My Ambivalent Reading of Books on India

For many years after I came back from India, where I lived as a child and teenager, I looked for books in English by Indian authors and/or about India. Starting in the late 1970s, there was a wonderful outpouring of such books available in the U.S., the U.K. and elsewhere; this was part of the blossoming of literature from other nonwestern countries becoming widely available in the West. At first, I tried to read each one that came across my path. I even wrote a column about “India books” for my school’s alumni newsletter. Soon there were far too many such books to read, but I kept reading some portion of those being published. I always preferred novels, but read some nonfiction as well. Now when I run across a new title, I sometimes feel – rather than being excited and getting the book as soon as possible – that I “should” read this new book, but don’t automatically actually want to. It is a wonderful dilemma to have such a wide variety to choose from. But it is strange to feel almost jaded now.
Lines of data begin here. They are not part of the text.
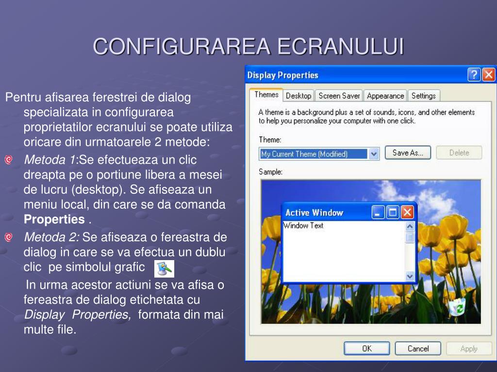 CONFIGURAREA ECRANULUI Pentru afisarea ferestrei de dialog specializata in configurarea proprietatilor ecranului se poate utiliza oricare din urmatoarele 2 metode: • Metoda 1:Se efectueaza un clic dreapta pe o portiune libera a mesei de lucru (desktop). Se afiseaza un meniu local, din care se da comanda Properties . • Metoda 2: Se afiseaza o fereastra de dialog in care se va efectua un dublu clic pe simbolul grafic In urma acestor actiuni se va afisa o fereastra de dialog etichetata cu Display Properties, formata din mai multe file.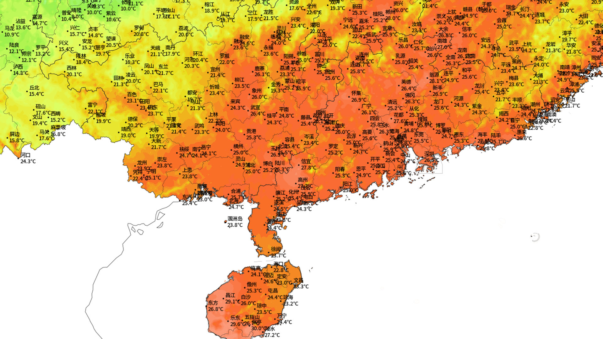 冷空氣到來前,午后華南和江南南部氣溫迅速攀升,14點海南保亭升至30度、廣東高州28度,福建浙江江西湖南廣西云南最高氣溫也突破26度,浙江瑞安還打破了12月最高氣溫紀錄;主要城市中深圳26.7度、福州25.5度、廣州25.3度、海口25.2度、南寧25.1度,讓人完全感覺不出現在已經臨近冬至了!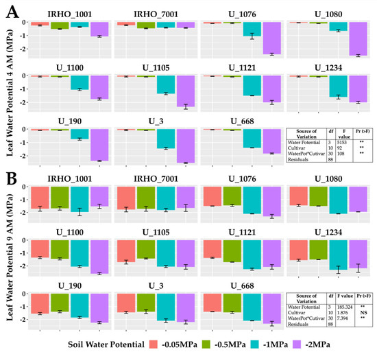 Leaf water potential of seedlings of 11 oil palm (Elaeis guineensis) cultivars subjected to four soil water potentials (−0.05 MPa, −0.5 MPa, −1 MPa, and −2 MPa) during 60 days of treatment. (A) Predawn (4:00 AM) leaf water potential. (B) Actual (9: 00AM) leaf water potential. Each box corresponds to the mean ± SD. (n = 15). The tables in each panel correspond to the two-way ANOVA with significance levels. NS: not significant; ** highly significantly different p ≤ 0.01.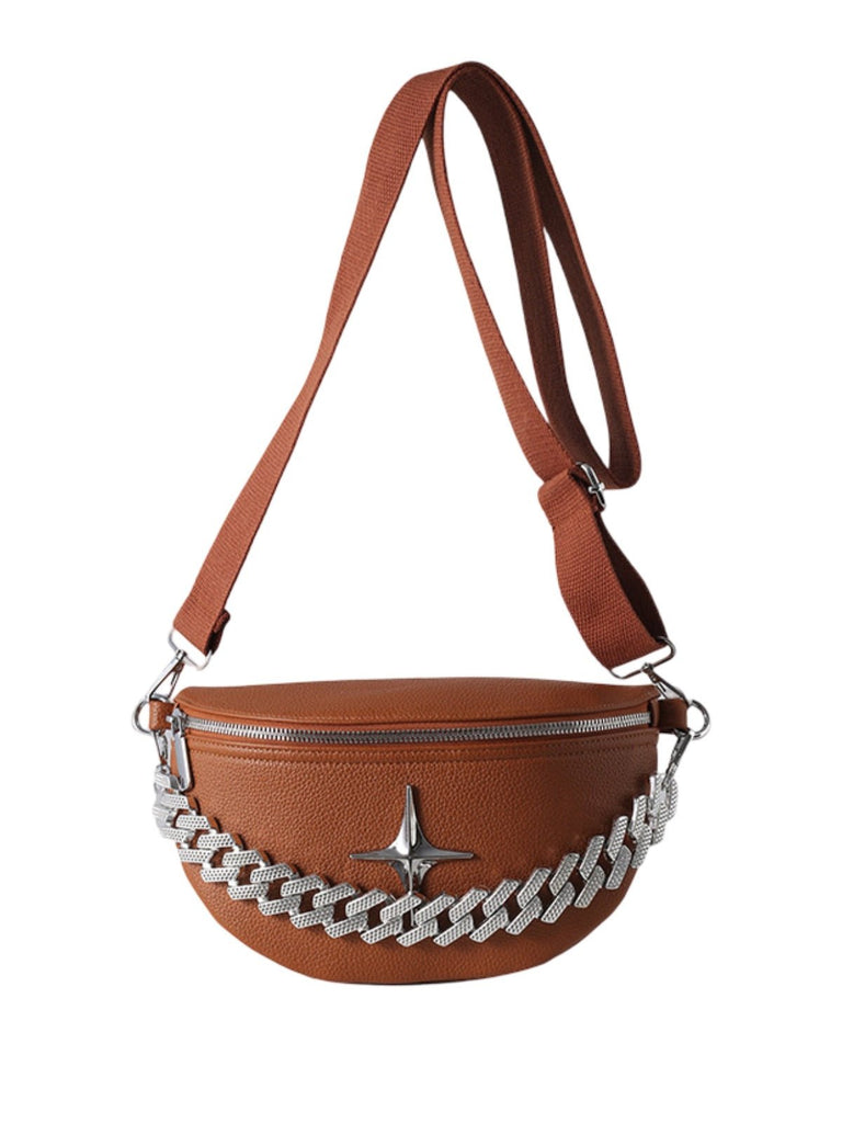 Mit seiner zeitgenössischen Silhouette und den markanten metallischen Details verwandelt diese Gürteltasche aus Kunstleder jedes Outfit in einen selbstbewussten Look. Entworfen für diejenigen, die Stil und Praktikabilität verbinden möchten, kann sie sowohl über der Schulter als auch quer getragen werden.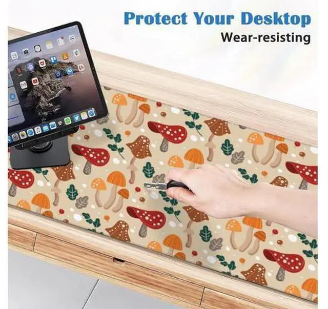 Environmental, and safe to use. ^^ Soft and Non-slip Rubber BaseThe soft and dense non-skid nature rubber base keeps the pad firmly in place, it can effectively prevent the mouse and keyboard from sliding and moving for stable operation. The desk pad is flexible enough to be rolled up for easy transport, to move around so you can work or game wherever you want. ^^ Suitable for many occasionsLarge enough size can protect the desktop from abrasion and liquid spills. Works well on all types of desks including wood, glass, leather, metal, marble desk and more.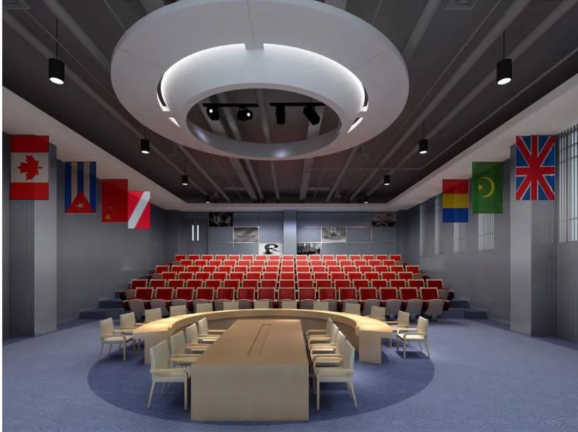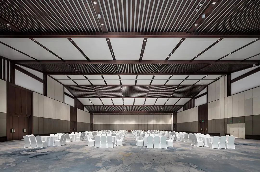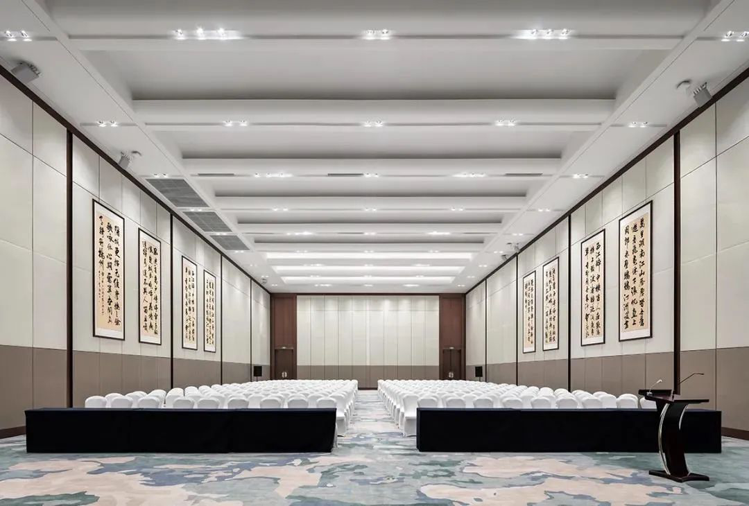 地面整體花團錦簇的手工羊毛毯與天花“芙蓉王國盡朝暉”的主題遙相呼應,材質上,天花立面都采用了金屬鋁板、銅板,總體空間造型更符合建筑聲學反射的構造需求,隱含主次同時便于分割使用,色彩典雅溫和,層次井然有序,尺度震撼,現(xiàn)代而又不失莊重。
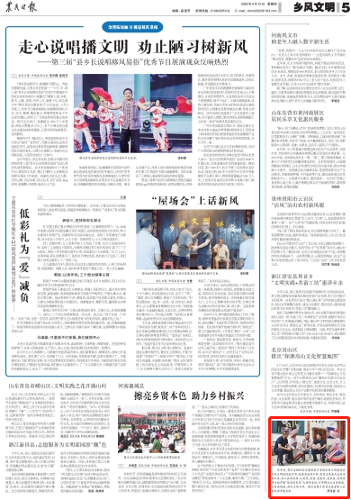 今日(9月15日)《农民日报》刊发图片新闻,关注贵州省桐梓县马鬃苗族乡组建由驻村干部、党员志愿者为主的宣讲队伍,深入农家院坝,从爱党、爱国、爱集体、爱家庭、爱邻居等方面开展“传承好家风”大讲堂活动。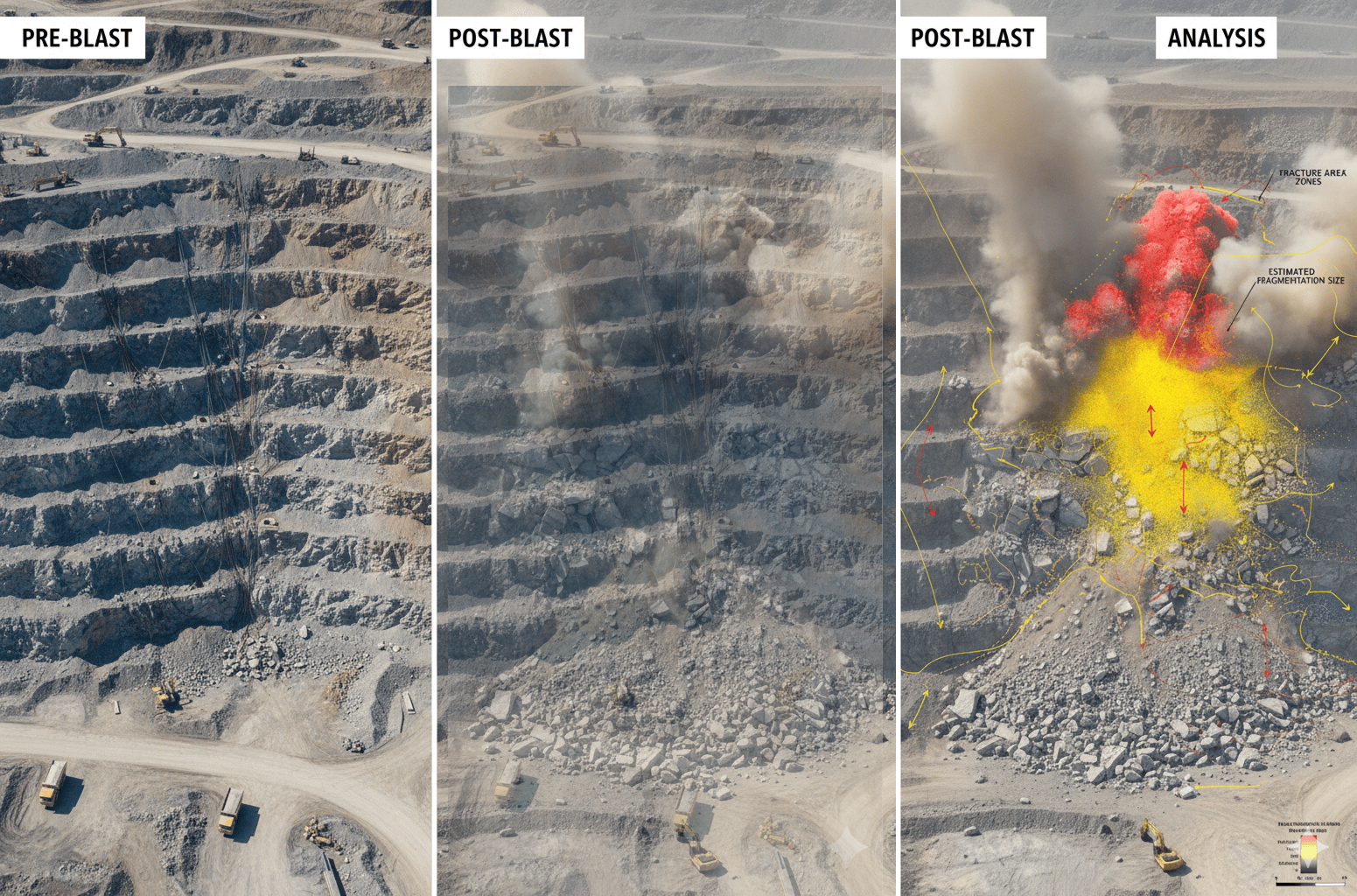Drone-based blast monitoring enables accurate and objective assessment of blasting operations in mining and quarrying environments. By capturing high-resolution aerial data before and after blasting events, drones provide precise evaluation of blast effectiveness, fragmentation quality, and material displacement. In addition, aerial monitoring of dust and debris dispersion supports operational safety and ensures compliance with environmental regulations. This data-driven approach helps optimize blast design, reduce secondary blasting, minimize environmental impact, and enhance overall operational efficiency.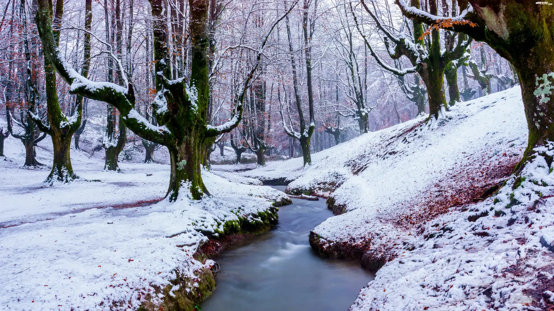 Zdjęcia, Park Narodowy Gorbea, Zima, Drzewa, Las, Rzeczka, Strumyk, Kraj Basków, Hiszpania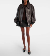 Product Details - Material: 100% leather - Care instructions: specialist clean - Made in the USA - Designer color name: Dark Brown - Closure: zipper, snap-button fastenings - Pockets: side slit pockets - Lining: 100% cupro - Trim: 100% wool - Item number: P00992490 Size & Fit - True to size - Dropped shoulders - Designed for a loose fit - Elasticated hem - Non-stretchy fabric - Falls below the hip - The model seen in the picture is 178cm-5'10" and wearing a size XS
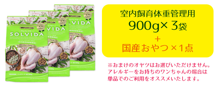 犬 ドッグフード ソルビダ グレインフリーチキン/室内飼育体重管理用/900g×3袋まとめ買いセット ドライフード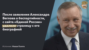 Вчера Беглов назвал себя беспартийным, хотя уже много лет член партии «Единая Россия», а сегодня упоминания о нем удалили с сайта партии. Это как проштрафившихся сотрудников полиции увольняют задним числом, так видимо и тут, но тут проштрафилась сама партия превратившись в токсичный бэкграунд для своих членов. Еще немного и на следующих дебатах Беглов скажет, что не только беспартийный, но и давно сопереживает Алексею Навальному!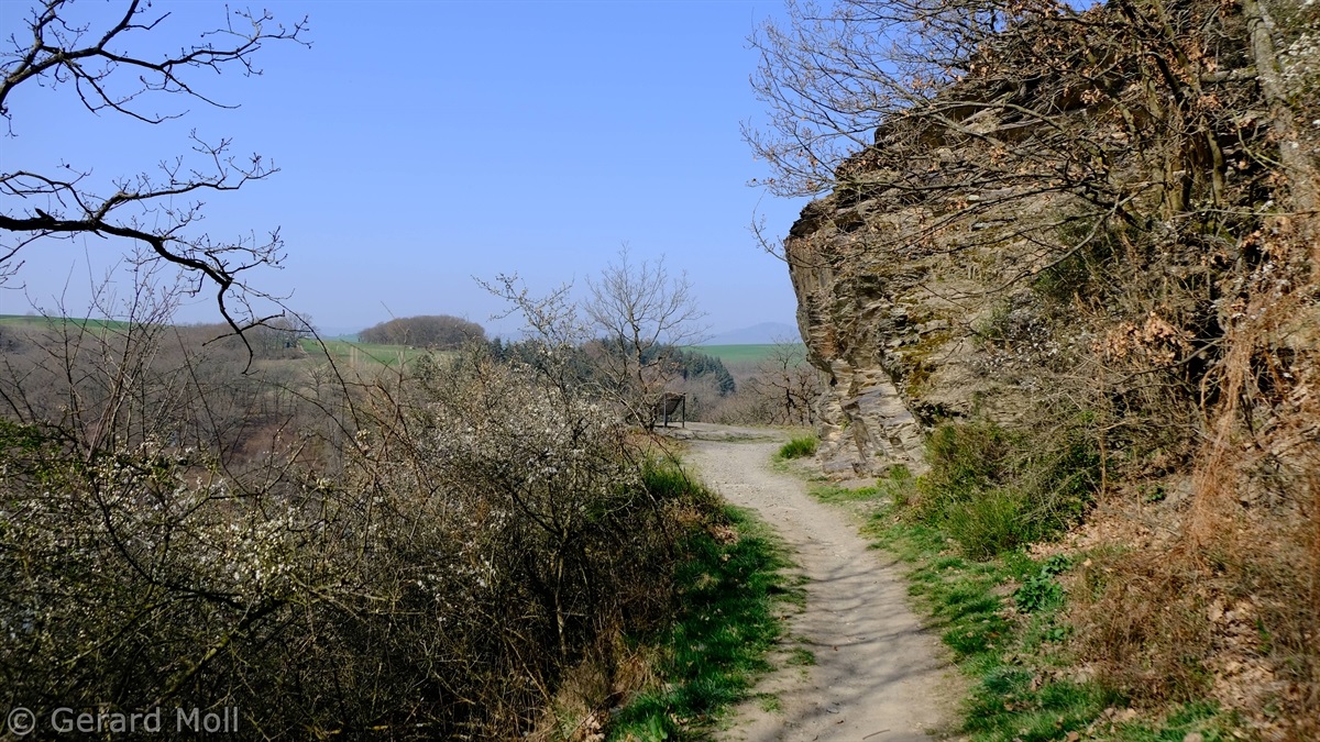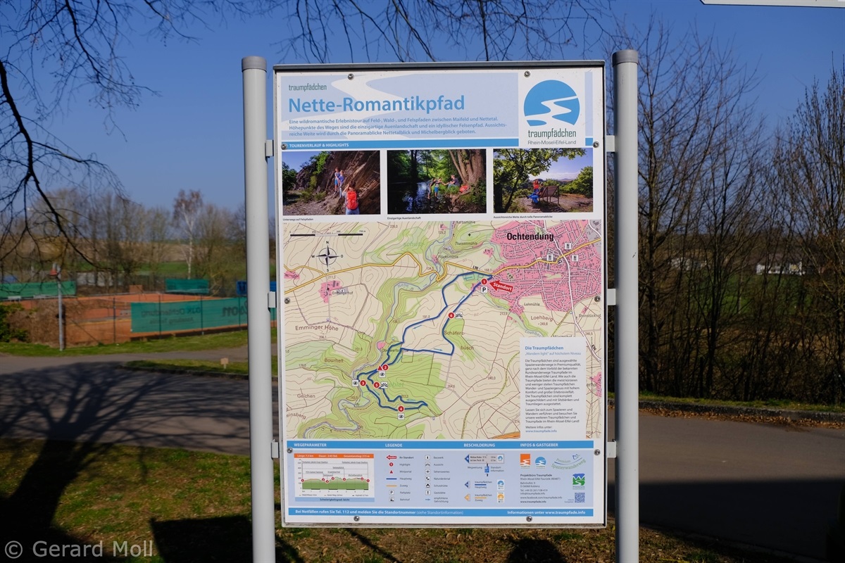 Wir parken am Jakob-Vogt-Stadion in Ochtendung. Über ausgedehnte Felder erreichen wir den Wald und kommen bald zu einer Kreuzung an der Oberwertshöhe. Wir folgen dem Weg nach unten in das Tal der Nette. Bald führt unser Weg wieder hinauf und auf der Höhe folgt der schönste Streckenabschnitt: Auf fast ebenem Weg, vorbei an interessanten Felsformationen, erreichen wir eine Liege und kurz danach eine aussichtsreiche Bank. Von hier sind wir bald wieder bei der Kreuzung an der Oberwertshöhe. Der Weg führt hinauf auf freie Felder, über den Michelbergblick kehren wir zum Ausgangspunkt zurück.

The widely praised “Behind the Beautiful Forevers” (Random House, 2012), by Katherine Boo, is a case in point. I felt I “should” read it, resisted reading it, and finally did in fact read it. This book provides an unprecedented insight into a Bombay slum and the people who live there; it is also beautifully written, almost novelistically so. But I must admit I had to push myself to finish the book. I fully admit the reasons were within me, not with the book: a kind of cowardice in the face of acknowledging close up the poverty, the corruption, and the oppression of the poor and of women. Boo was embedded in this world for several years in order to write this book; her project and this book are amazing achievements. She has opened up, just a little, but more than anyone else I know of, a small window into a world full of pain, uncertainty, and sadness, very occasionally intermixed with some of the joys that, fortunately, most humans experience despite everything. The people she spent time with are portrayed so well, so realistically (or at least so it appears), so movingly. She doesn’t condescend or sentimentalize. “Behind the Beautiful Forevers” certainly deserves all the accolades it is receiving, and I am glad I have read it.


  1. Stephanie, I particularly appreciated this blog! I was determined to read Katherine Boo's book because of my impending trip to India. When I read it I was truly pleasantly surprised. The people portrayed were very real and, though their situation was dire, I didn't feel it was always irredeemably bad. There was a resilience about some of the characters.

    1. Thanks, Mary, for your thoughts on this book. And you are absolutely right about the resilience of some of the important point.